NPHardEval stands apart by employing computational complexity classes, offering a quantifiable and robust measure of LLM reasoning skills. The benchmark’s tasks mirror real-world decision-making challenges, enhancing its relevance and applicability. Regular monthly updates of the benchmark data points mitigate the danger of model overfitting, ensuring a reliable evaluation.

The key contributions of NPHardEval are latest using latest benchmarking strategies (proposing an automatic and dynamic benchmark), and introducing a brand new approach to evaluate LLM reasoning.

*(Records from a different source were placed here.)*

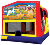 Mod-4 Combo Unit RentalsLarge selection of themed Mod-4 combo inflatablesMod-4 Combo - Features large bouncing area, basketball hoop, climbing and slide. |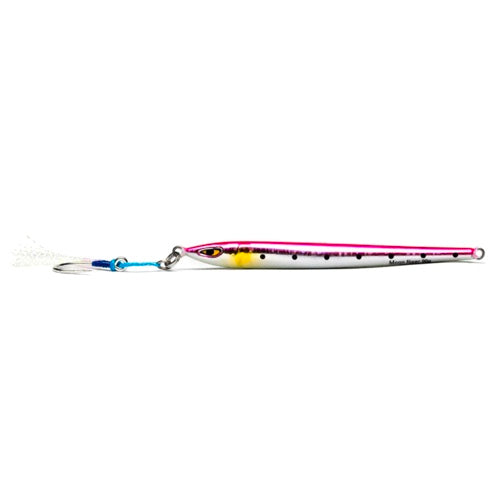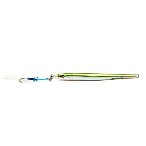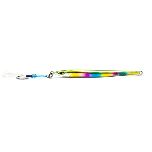 The Moonriser jig is slim profile jig with weight concentration near its head. It is a highly versatile jig that attracts different species. Due to its streamline design, it descends quickly and is great for fishing spots that hold structures, such as wrecks. It cuts through water with minimal resistance and allows the angler to jig in deeper water. Slower and longer strokes are ideal for working the Moonriser and this less intense technique allows anglers to continuously jig for a longer duration, increasing the chance of a strike.
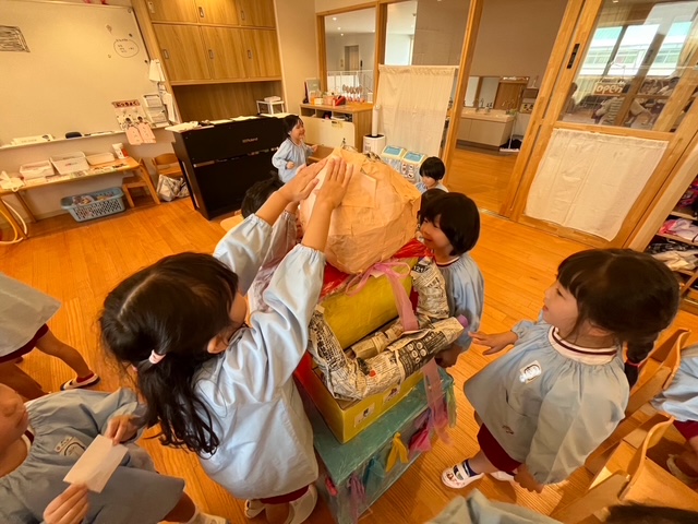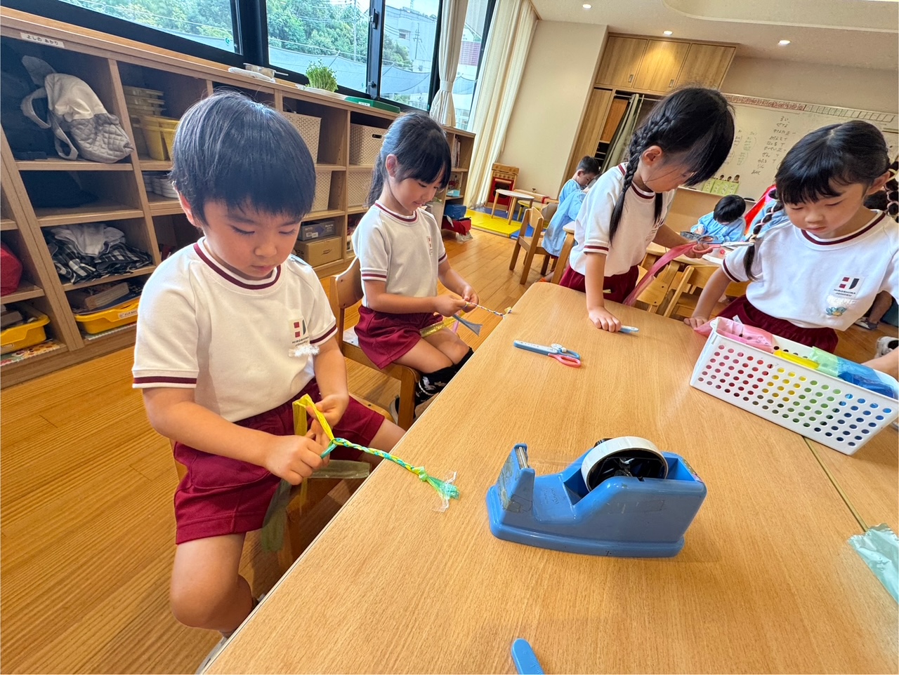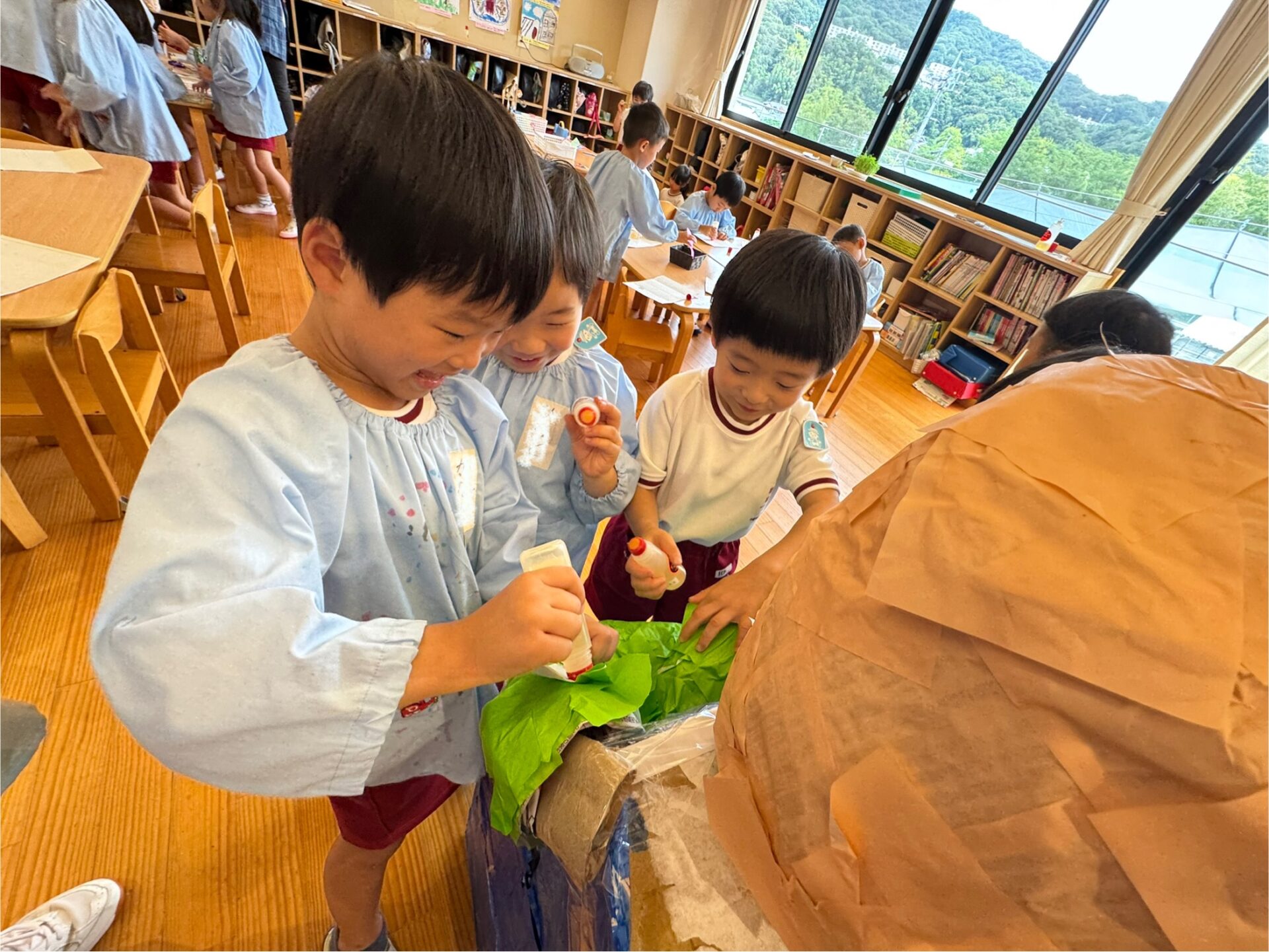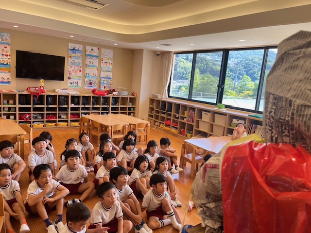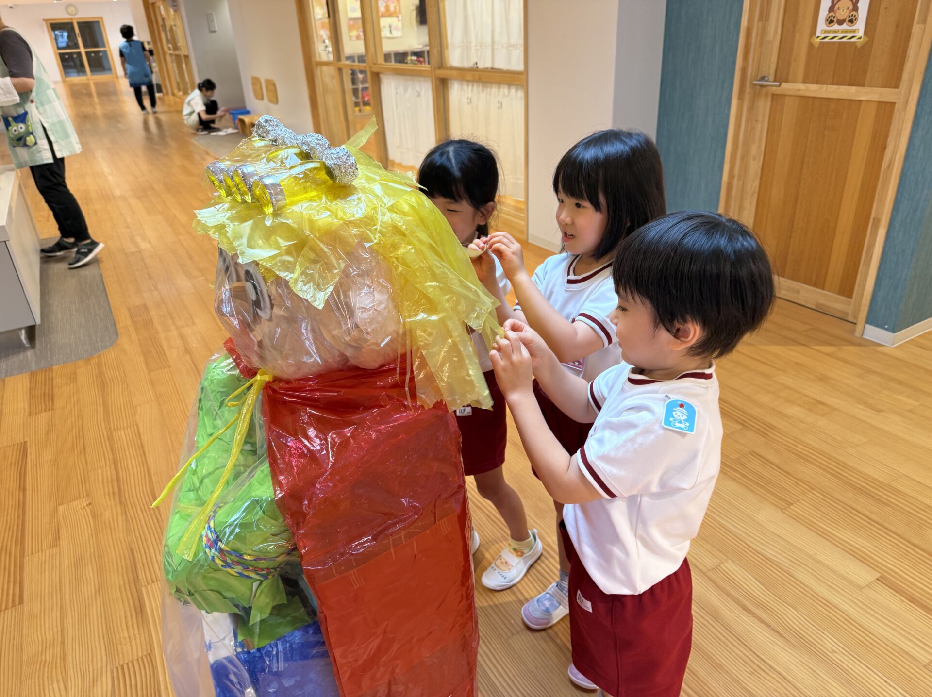 今回のかかしは、summer day campのお買い物ごっこで使った製作物をリサイクルして作ったものです。思い出のつまった材料が新しい形になり、子どもたちのアイデアと工夫で生まれ変わりました。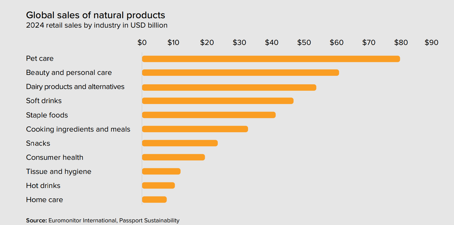 كانت أرقام المبيعات للمنتجات الطبيعية خلال العام السابق 2024، هي أكبر دليل على تفضيل المستهلكين للمنتجات الطبيعية، وفقًا لإحصائيات شركة يورومونيتور إنترناشيونال، المتخصصة في أبحاث السوق، تصدر قطاع رعاية الحيوانات الأليفة، قائمة القطاعات التي باعت منتجات طبيعية خلال العام السابق بحوالي 80 مليار دولار، تلاه قطاع الجمال والعناية الشخصية الذي حقق مبيعات تقريبية 60 مليار دولار، ثم قطاع منتجات الألبان والبدائل (الحليب - الأجبان - الزبادي - مشتقات الألبان - الحليب النباتي مثل حليب اللوز)، بمبيعات 52 مليار دولار.

Regarding benchmarking strategies, NPHardEval uses an automated mechanism, each to generate and check questions within the benchmark. Since they’re based on algorithmically computable problems, human intervention isn’t required to find out the correctness of the responses from LLMs. This also allows NPHardEval to be a dynamic benchmark: since questions may be mechanically generated, the benchmark may be updated on a monthly basis. This monthly-refreshed benchmark helps prevent model overfitting as we will all the time generate novel questions with various difficulty levels for evaluation.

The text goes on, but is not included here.